PPC spokesman Kimon Steriotis said there was no immediate danger of power cuts because coal-fired stations were well- supplied and reservoirs at hydroelectric plants full. Power plants on islands not connected to the national grid also had ample fuel, ensuring power supplies during the tourist season, he said in an e-mail. He didn’t comment on the prospect of the company defaulting.
“PPC has almost fully depleted its liquidity, owing to sharply falling earnings, climbing overdue receivables, and the absence of new credit facilities,” S&P said in the report, cutting the company’s rating to the lowest level above default. “PPC will likely default on its obligations in the near term.”
With practically no gas or oil deposits of its own, Greece depends heavily on imports to keep power production and the transportation sector going. Oil represented about 55 percent of the country’s total primary energy supply while natural gas accounted for 11 percent in 2008, according to the International Energy Agency.
The prospect of sporadic power shortages come as officials grapple with a mounting social crisis. Unemployment is at 22 percent, the country faces shortages of imported food and drugs, and Bank of America Corp. says the country may run out of cash by early July.
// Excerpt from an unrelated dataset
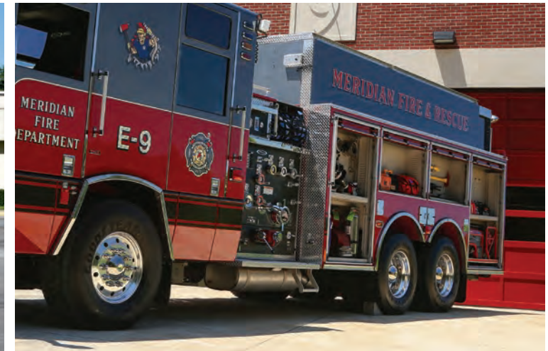
Large compartment capacity. Shown on a pumper tanker.

The Greek electricity market operator has applied to the Greek Deposits and Loans Fund for a 300 million-euro loan to pay off its debt to PPC and other energy companies, which in turn owe 300 million euros to Greece’s gas company Depa, its spokesman said. Depa, which buys gas from Gazprom, Botas and Eni, has threatened to cut supply if it isn’t paid promptly.
Although gas provides only 22 percent of Greece’s power supply — the majority comes from domestically mined coal — disruption to imports could force limited blackouts, said Paris Mantzavras, an energy analyst at HSBC Holdings Plc in Athens.
“If gas supplies are completely cut off, then yes, there is a danger of blackouts,” he said in an interview. “Not major ones, but probably some rolling blackouts. It would be critical for the industry and manufacturing sector, and for tourism too. I would expect the government to do its best to avoid a complete cutoff.”
Tourism is Greece’s biggest industry, accounting for almost 16 percent of the economy in 2001, according to the London-based World Travel and Tourism Council.
Supplies of crude oil are also in question. Greece had been importing the majority of its oil from Iran, which stopped shipments at the end of March because of Greece’s failure to pay up. The country has since been forced to seek other suppliers from the Middle East, central Asia and Libya under less favorable conditions, analysts say.
“They have to rely on a couple of traders able or willing to handle the risk,” Petromatrix’s Jakob said. “But that comes at a price, of course.”
Greece agreed to reforms in the energy sector, including opening up the electricity market faster, as part of pledges to receive a 110 billion-euro bailout in May 2010 and a second aid package of 130 billion euros this year. Plans to sell energy plants and cut the state’s holding in PPC have been put on hold until after the election.
“Greece’s energy sector could collapse,” S&P said. “Repeated blackouts likely to ensue might discourage users from paying their electricity bills.”